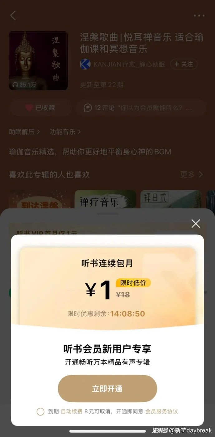 她仔细辨认后发现,要想继续听,必须成为「员中员」,「这已经涉及听书功能,不再属于音乐范畴」。而后不久,腾讯音乐全资收购在线音频平台喜马拉雅。
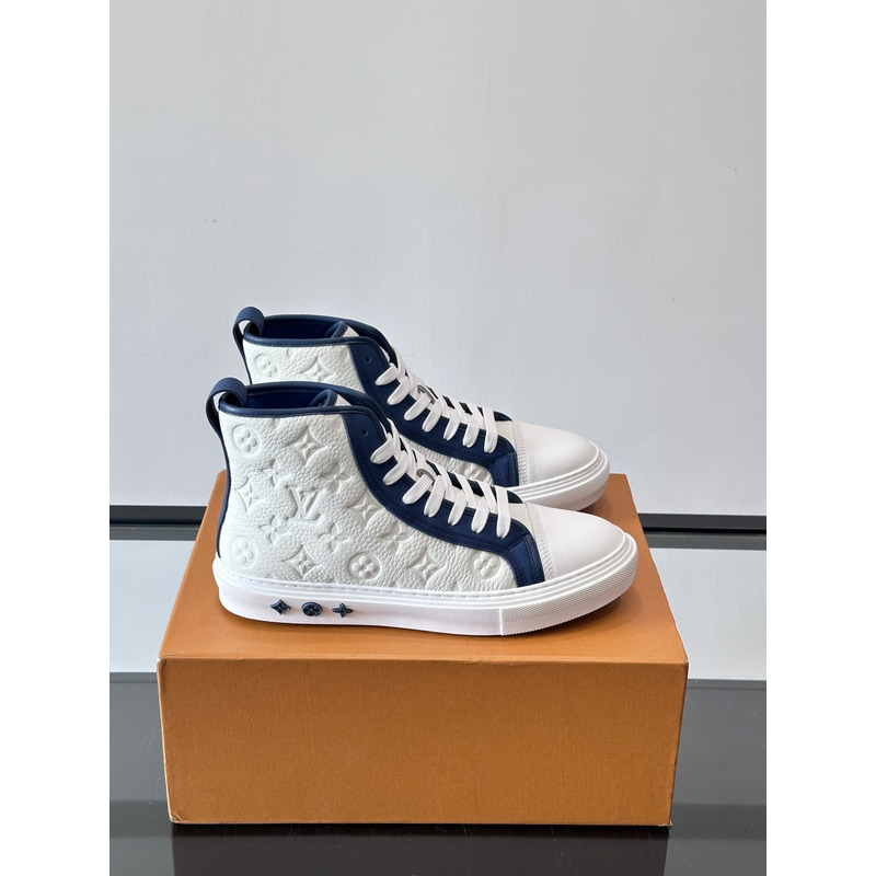 Louis Vuitton White And Navy Monogram Embossed High-Top Sneakers
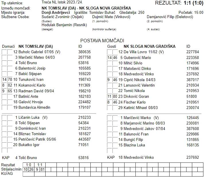 – Prvo poluvrijeme bilo je jedno od najboljih ove sezone. Vodili smo 1:0, imali još šansi i kontrolu nad utakmicom. Drugo poluvrijeme bilo je najgore ove sezone, gdje nas je Sloga samljela. Na kraju možemo biti sretni s osvojenim bodom. Čestitam mojoj ekipi na tom bodu. Gostima želim sreću u nastavku prvenstva – riječi su Bernarda Brnjića, trenera Tomislava.

**PROBLEM STATEMENT**.
The expected output is the run of lines from the one containing "Louis Vuitton White" to the last line of the listing above, both included, word for word and free of pictures.

**RESPONSE BELOW**.
 Louis Vuitton White And Navy Monogram Embossed High-Top Sneakers
 – Prvo poluvrijeme bilo je jedno od najboljih ove sezone. Vodili smo 1:0, imali još šansi i kontrolu nad utakmicom. Drugo poluvrijeme bilo je najgore ove sezone, gdje nas je Sloga samljela. Na kraju možemo biti sretni s osvojenim bodom. Čestitam mojoj ekipi na tom bodu. Gostima želim sreću u nastavku prvenstva – riječi su Bernarda Brnjića, trenera Tomislava.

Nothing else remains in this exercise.